WHAT YOU HAVE TO DO: Please quote exactly the lines below from the line containing "Join us for" to the line containing "- Zeef de bloem", both lines included, and nothing else.

━━━ EXTRACTED MATERIAL

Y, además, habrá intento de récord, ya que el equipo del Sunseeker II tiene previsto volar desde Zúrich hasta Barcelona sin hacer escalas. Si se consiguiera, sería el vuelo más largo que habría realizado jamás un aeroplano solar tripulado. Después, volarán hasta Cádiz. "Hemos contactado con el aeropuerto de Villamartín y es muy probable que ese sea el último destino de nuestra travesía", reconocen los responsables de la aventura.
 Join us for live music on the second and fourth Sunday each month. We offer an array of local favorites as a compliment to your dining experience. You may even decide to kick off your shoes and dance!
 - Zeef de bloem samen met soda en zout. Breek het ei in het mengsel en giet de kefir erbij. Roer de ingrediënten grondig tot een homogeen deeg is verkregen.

━━━━━━
━━━ EXTRACTED MATERIAL

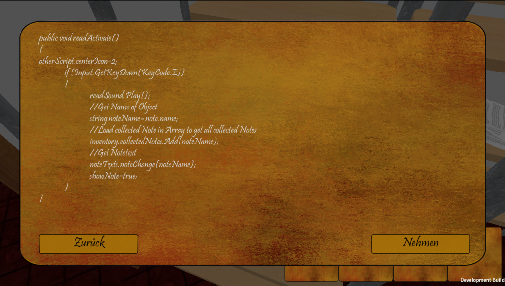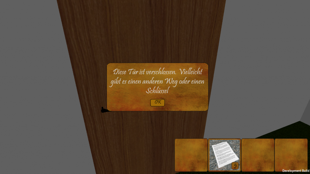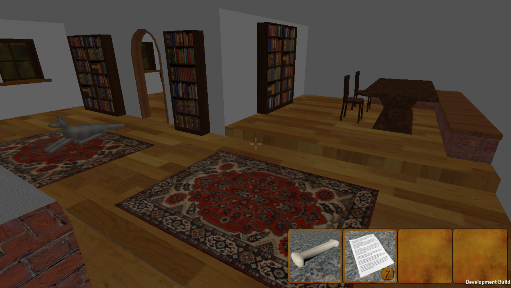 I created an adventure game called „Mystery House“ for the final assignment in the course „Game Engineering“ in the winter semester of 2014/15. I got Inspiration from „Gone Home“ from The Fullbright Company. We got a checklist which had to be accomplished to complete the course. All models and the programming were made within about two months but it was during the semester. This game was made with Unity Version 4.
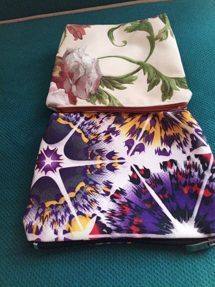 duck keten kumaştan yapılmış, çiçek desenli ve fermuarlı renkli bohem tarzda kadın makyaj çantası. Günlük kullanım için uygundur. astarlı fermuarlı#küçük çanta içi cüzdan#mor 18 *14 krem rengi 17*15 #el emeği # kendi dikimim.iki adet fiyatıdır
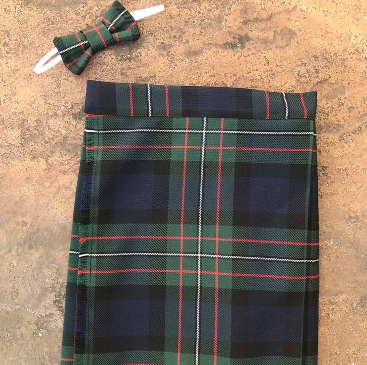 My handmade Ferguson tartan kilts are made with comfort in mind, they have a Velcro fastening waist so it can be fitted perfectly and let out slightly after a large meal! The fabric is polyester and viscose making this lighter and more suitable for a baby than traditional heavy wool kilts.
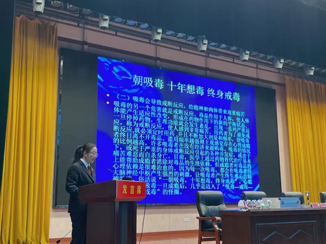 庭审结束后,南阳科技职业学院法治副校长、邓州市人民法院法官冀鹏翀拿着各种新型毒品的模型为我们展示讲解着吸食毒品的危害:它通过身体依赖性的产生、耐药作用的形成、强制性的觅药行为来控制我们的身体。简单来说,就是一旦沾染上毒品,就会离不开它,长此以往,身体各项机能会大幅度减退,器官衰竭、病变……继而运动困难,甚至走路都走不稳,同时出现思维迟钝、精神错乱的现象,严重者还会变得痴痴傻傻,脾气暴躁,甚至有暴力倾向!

━━━━━━
━━━ EXTRACTED MATERIAL

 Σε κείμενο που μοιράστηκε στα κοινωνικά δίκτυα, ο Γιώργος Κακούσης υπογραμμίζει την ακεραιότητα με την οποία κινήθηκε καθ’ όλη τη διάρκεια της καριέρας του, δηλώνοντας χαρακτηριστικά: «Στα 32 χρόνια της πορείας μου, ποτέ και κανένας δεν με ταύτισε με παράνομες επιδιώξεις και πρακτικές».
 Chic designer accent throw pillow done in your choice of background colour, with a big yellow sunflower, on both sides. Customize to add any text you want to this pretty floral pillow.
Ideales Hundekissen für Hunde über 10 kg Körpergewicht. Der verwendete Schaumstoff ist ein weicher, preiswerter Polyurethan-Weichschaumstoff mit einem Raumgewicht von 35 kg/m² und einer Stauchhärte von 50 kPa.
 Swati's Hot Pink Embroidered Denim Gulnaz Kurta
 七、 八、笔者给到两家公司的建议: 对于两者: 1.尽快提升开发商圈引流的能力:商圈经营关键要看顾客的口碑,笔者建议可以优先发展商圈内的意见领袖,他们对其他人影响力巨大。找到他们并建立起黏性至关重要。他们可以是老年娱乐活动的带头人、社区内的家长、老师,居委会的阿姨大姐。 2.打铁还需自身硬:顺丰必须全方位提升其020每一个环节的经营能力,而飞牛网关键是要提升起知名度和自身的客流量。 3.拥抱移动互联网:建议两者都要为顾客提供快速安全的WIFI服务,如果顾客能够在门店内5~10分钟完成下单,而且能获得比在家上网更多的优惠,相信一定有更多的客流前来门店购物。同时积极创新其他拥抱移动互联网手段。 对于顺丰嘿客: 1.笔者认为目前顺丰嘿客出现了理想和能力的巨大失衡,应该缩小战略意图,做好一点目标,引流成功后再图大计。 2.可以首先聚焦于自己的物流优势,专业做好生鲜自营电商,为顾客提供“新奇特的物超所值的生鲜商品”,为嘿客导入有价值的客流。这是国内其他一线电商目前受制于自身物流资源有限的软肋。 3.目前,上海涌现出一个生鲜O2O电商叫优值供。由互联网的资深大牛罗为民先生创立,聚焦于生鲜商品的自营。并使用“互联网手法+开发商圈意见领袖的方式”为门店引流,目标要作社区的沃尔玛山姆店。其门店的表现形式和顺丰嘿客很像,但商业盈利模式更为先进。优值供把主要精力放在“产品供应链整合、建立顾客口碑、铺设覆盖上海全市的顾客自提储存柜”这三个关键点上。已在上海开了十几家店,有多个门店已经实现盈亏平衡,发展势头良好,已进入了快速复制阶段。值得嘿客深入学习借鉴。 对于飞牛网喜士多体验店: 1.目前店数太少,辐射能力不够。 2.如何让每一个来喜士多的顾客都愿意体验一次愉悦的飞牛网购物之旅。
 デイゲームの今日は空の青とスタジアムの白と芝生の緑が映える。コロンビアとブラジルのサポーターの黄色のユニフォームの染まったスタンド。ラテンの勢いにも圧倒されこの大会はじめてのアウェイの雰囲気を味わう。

━━━━━━

SOLUTION FOR THIS PROBLEM:
 Join us for live music on the second and fourth Sunday each month. We offer an array of local favorites as a compliment to your dining experience. You may even decide to kick off your shoes and dance!
 - Zeef de bloem samen met soda en zout. Breek het ei in het mengsel en giet de kefir erbij. Roer de ingrediënten grondig tot een homogeen deeg is verkregen.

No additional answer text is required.